Task: Retype exactly what runs from the first line of the data to the line with "公司董事長總經理王元旦與峽江水利樞紐總指揮吳義泉簽訂施工合同", keeping both of those lines and skipping pictures.

----- The input -----

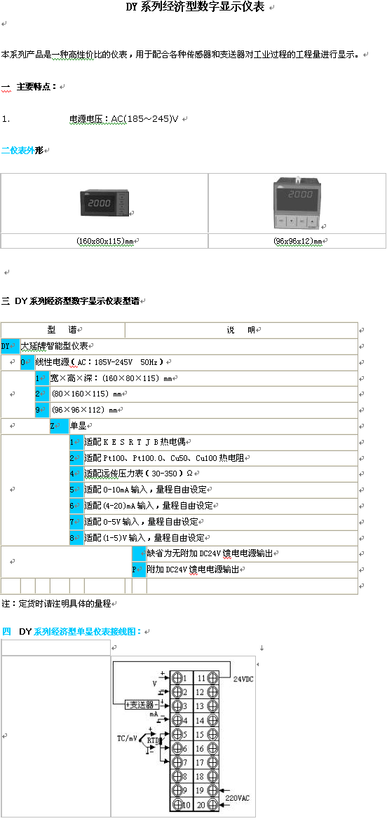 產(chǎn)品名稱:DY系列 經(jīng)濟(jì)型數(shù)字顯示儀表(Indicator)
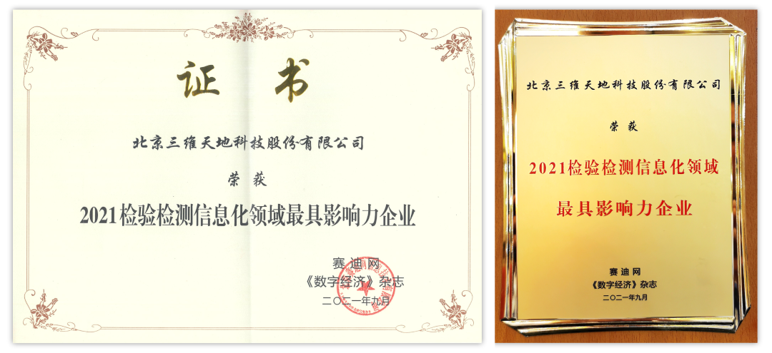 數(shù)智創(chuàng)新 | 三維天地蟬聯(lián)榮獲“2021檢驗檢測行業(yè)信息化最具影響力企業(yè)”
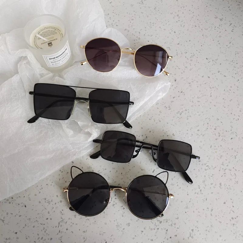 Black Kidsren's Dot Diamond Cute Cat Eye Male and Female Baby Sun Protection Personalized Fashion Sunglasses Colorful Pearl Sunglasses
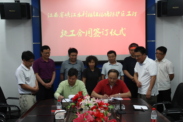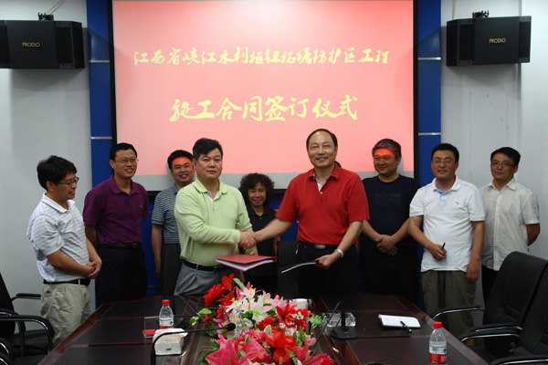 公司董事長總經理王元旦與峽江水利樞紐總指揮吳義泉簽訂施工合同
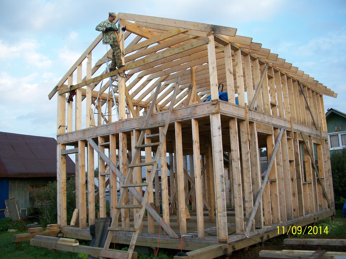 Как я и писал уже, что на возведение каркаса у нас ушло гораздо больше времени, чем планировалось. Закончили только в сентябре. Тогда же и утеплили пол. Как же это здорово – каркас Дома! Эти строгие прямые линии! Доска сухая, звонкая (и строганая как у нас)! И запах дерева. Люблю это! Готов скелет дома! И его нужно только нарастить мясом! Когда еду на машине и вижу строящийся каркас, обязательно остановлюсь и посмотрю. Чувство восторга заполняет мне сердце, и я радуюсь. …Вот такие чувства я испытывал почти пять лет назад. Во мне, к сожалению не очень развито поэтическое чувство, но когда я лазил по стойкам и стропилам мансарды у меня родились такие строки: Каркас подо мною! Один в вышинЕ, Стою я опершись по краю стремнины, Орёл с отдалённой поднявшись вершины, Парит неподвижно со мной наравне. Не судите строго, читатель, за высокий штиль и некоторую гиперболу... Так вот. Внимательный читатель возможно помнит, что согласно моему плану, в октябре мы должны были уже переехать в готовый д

-----

Reply:
 產(chǎn)品名稱:DY系列 經(jīng)濟(jì)型數(shù)字顯示儀表(Indicator)
 數(shù)智創(chuàng)新 | 三維天地蟬聯(lián)榮獲“2021檢驗檢測行業(yè)信息化最具影響力企業(yè)”
 Black Kidsren's Dot Diamond Cute Cat Eye Male and Female Baby Sun Protection Personalized Fashion Sunglasses Colorful Pearl Sunglasses
 公司董事長總經理王元旦與峽江水利樞紐總指揮吳義泉簽訂施工合同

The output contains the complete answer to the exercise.